Designer Q&A: Tom Dixon
With a new Tom Dixon space opening up soon in Hong Kong, we revisit a conversation with the designer at Maison&Objet this past January, when we discussed his latest collection of soaps, how he keeps it fresh and what’s next up in the pipeline. Tell us what’s new at this January’s Masion&Objet?
Well, what’s completely new is soap and bath, meaning waterproof lamps, washing-up liquids and bathroom accessories. So, it’s soap. But even there we got it wrong because we sent out some washing-up liquid to Americans, and of course it doesn’t exist in America- there it’s called ‘dish soap’, so they were using it in the shower thinking it was bath gel, and apparently really liking it!
Anyway, to get back to the point of it all, we know from our experience doing spas and bars and restaurants and hotels from the interior design perspective that a) we have to specify soap and b) that smells involves the whole interiors. I’ve come to realise that interiors aren’t just about the shape and the colour or the comfort of things, but space is really about the more intangible things — the five senses.
Take our moss wall for example, which is really an acoustic wall. One the big nightmares of the contemporary restaurant is that you can’t hear what the other person is saying, and it’s one of those things you don’t notice until it’s bad. So, if you go to a restaurant and you smell the bleach from the night before or the morning’s washing up, you’re not really going to enjoy your food. For me, it’s about trying to expand my repertoire as a designer beyond the obvious and trying not to be categorised. It’s quite nice to be a parfumier this season.
It also makes the experience more multi-sensorial.Who did you collaborate with in developing your scents?
Chemists do it. Getting the correct scent and even the correct base is complex, so we worked with a supplier who were the ‘noses’ to help us to get where we needed to be.
How did you direct and work with them?
The more inexpert you are, the more controlling you get. So, you have to really understand it, but it’s nice to jump into a completely different universe and learn a lot just from a sort of naïve standpoint.

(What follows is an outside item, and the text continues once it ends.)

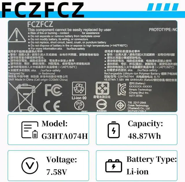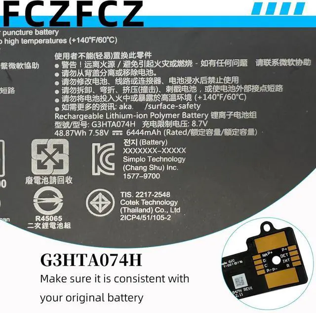 SpecificationsBattery Model: G3HTA074H // Voltage:7.58V // Capacity:48.87Wh 6444mAh // Color:Black // Condition:Brand New.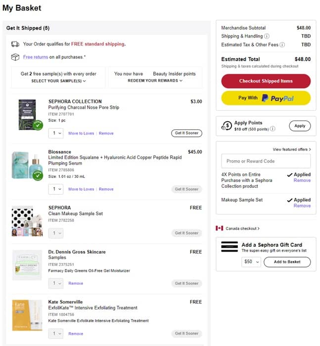 Sign in to your account and use the Sephora coupon code SC4XPOINTS (click to copy) to add to cart. This offer will combine so a gift with purchase may be available for your qualifying order plus be sure to add your FREE samples. The bonus points will be automatically credited to your account within 24 hours after purchase or 24 hours after your Buy Online, Pick Up In Store order has been picked up. FREE SHIPPING applies to all orders for Beauty Insider members! Take a look at our other favorite Sephora finds!

Loads of people do soap, right? But seldom do people do soap and waterproof lights at the same time. And even fewer people do soaps, lights and the bathroom accessories that you find on the bathroom shelves at the same time. So as we grow and become more confident, we’re able to do things that sit in a slightly different context to what other people do, and that’s what the soap is. So there’s the soap and the washing-up liquid, and that’s been something I’ve been wanting to do for 15 years and no has let me, really.
The kitchen is as an important social space. People invest in their kitchens and just like the bathroom where soap has evolved from a more functional element to a more sensual object or an object of desire, in the kitchen people spend an inordinate amount of money on their counters and plates and what have you, but then they just put a bottle of supermarket, synthetic, usually dayglo-yellow washing-up liquid and they really don’t care when they’ve spent god knows how much getting a beautiful bottle of soap in their bathroom. It was just one of those observations you get, and we’ll see. I want to be a dish soap magnet — that’s my new plan. I’ve tried everything else.
You’re very busy with a whole array of different projects from restaurants and hotels to new product lines. How do you keep it fresh and inspired?
Well that’s it exactly- the sheer diversity of the projects. And then if I get bored I just add another category or two. If anything, I’m more bored of what we’ve done before and more excited about what’s in development now, and that’s the frustrating thing to have keep showing the old stuff. I don’t know, I’m always so dissatisfied with the old.
So what’s in development now then, what’s coming up next?
Well for Salone, we’ve taken over Manzoni — you know, all the gallery space there and the cinema. And I’ve been sponsored by IKEA, so we’re going to talk a bit about ‘the future’. It’s kind of inspired by the digital edge and how business is changing because of it. We’re working with students at the Royal College of Art in London, at Parsons in New York and students in Japan and the we have a bed, basically, that can turn into a sofa, and can turn into a sofa system, and can be refolded back into a bed — double bed, single bed, bunk bed. The idea is that you can ‘hack’ this thing, and it won’t seem so disposable but will be something that you take with you forever and convert it into whatever you need at that point in life. That’s the plan.